> **REQUIREMENT**: Output, verbatim and without pictures, the lines from the first line of the listing through the line containing "推介会会场外展示的用布料制作的岭南建筑。".

> **RAW DATA**:
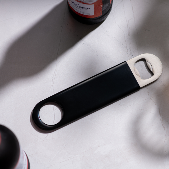 This stylish Vinyl Coated Bar Blade offers excellent grip and a strong design for ease of opening beer bottles. Perfect for professional bartenders or use at home, this durable Bar Blade also features a spinner ring making it perfect for flair tricks.
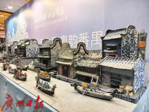 推介会会场外展示的用布料制作的岭南建筑。
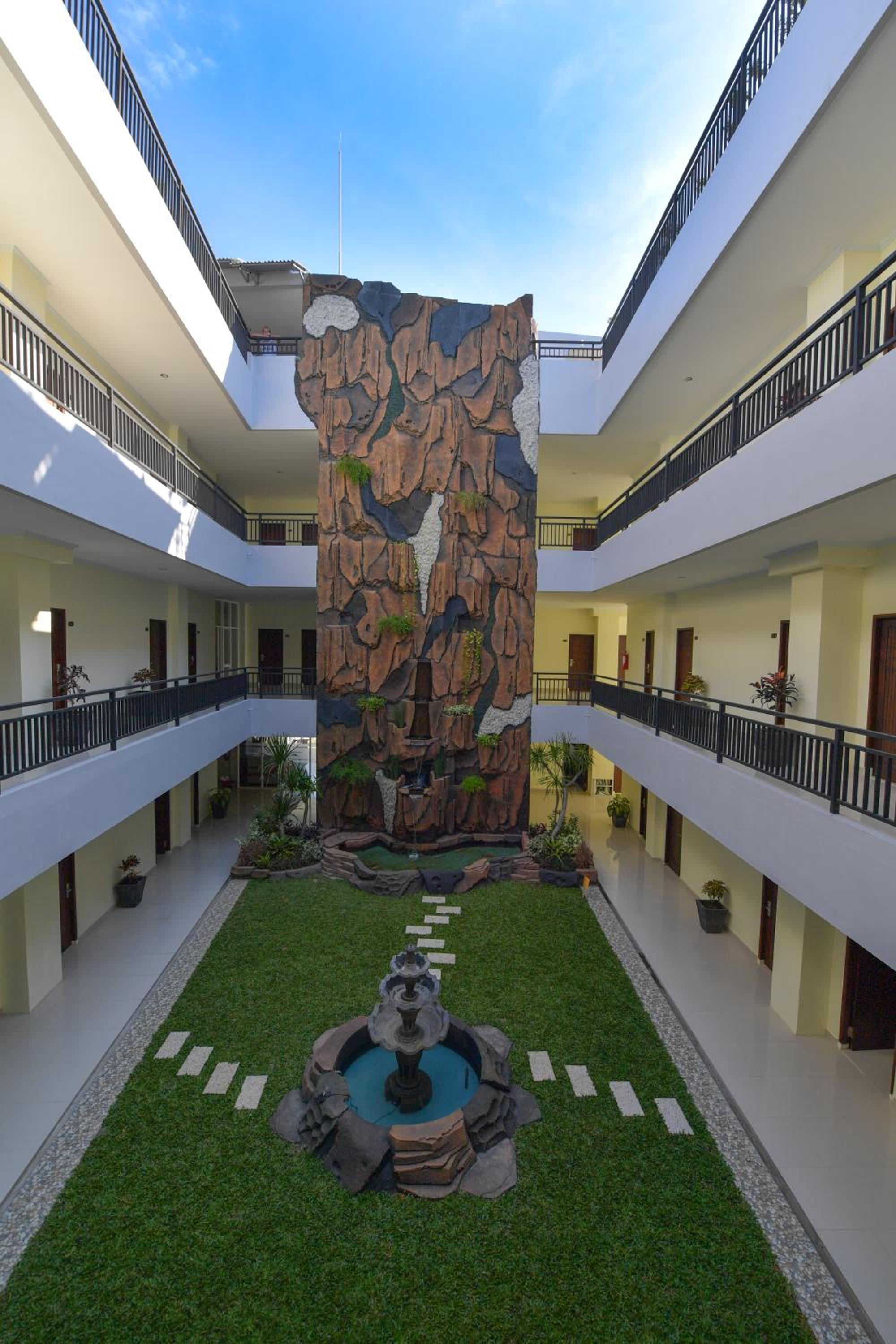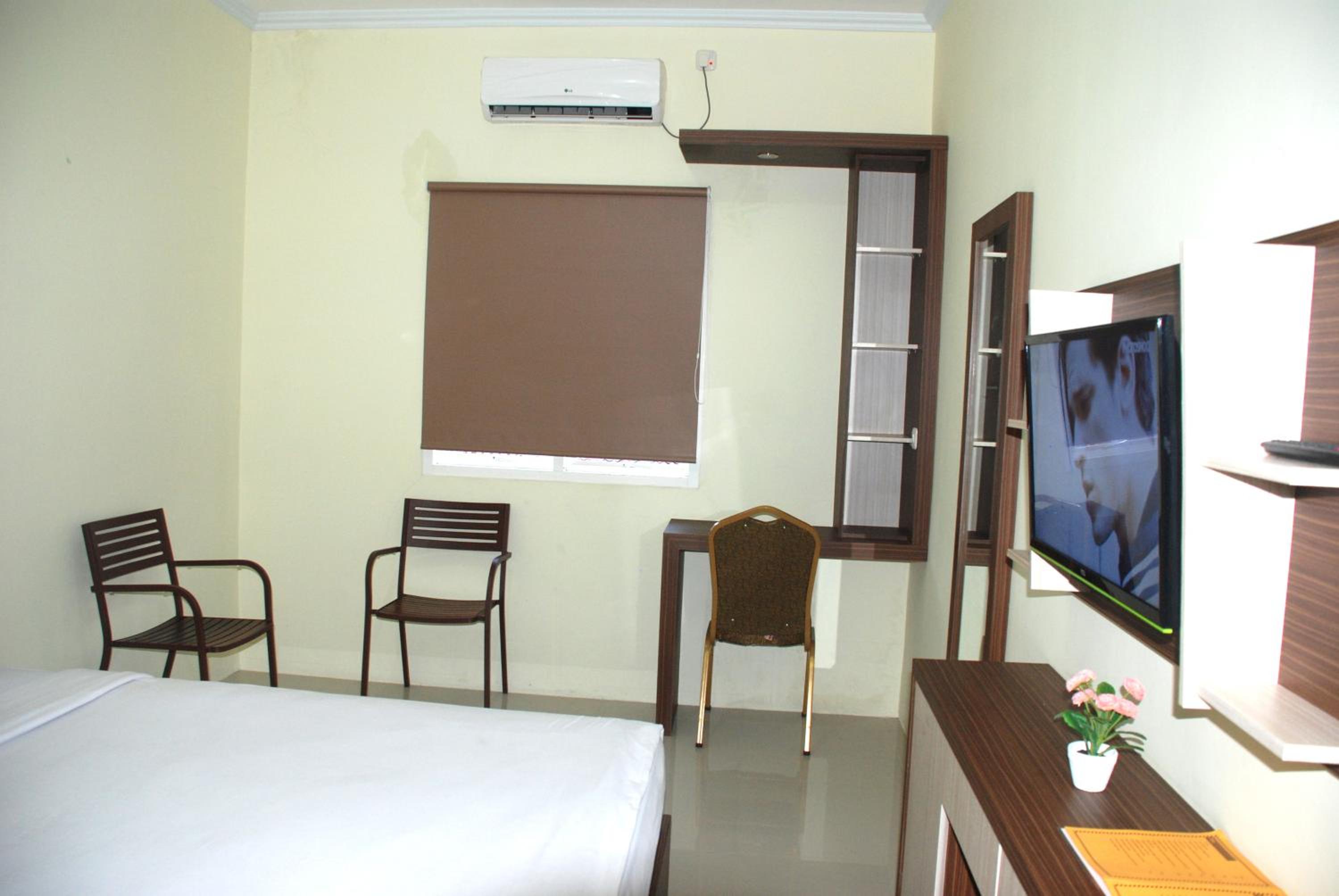 This hotel located in small side street so its bit hidden but very good and calm in d night. The view from the room and the cafe in the rooftop is amazing.we can see Manado tua island in a clear day and enjoy the sunset with cup of coffee from the cafe or just mock-tails. The room is spacious and clean, mostly double bed with modern simple furniture and equipped with air conditioners and tv with international channels, the wifi is free but not so fast. The staff are very friendly and beautiful. I try the breakfast menu with fried rice and it was delicious. They have laundry and store in the basement as well. Fitness room with well equipped and comfortable place is on 2nd floor.The price is affordable and good for backpackers

> **TASK RESPONSE**:
 This stylish Vinyl Coated Bar Blade offers excellent grip and a strong design for ease of opening beer bottles. Perfect for professional bartenders or use at home, this durable Bar Blade also features a spinner ring making it perfect for flair tricks.
 推介会会场外展示的用布料制作的岭南建筑。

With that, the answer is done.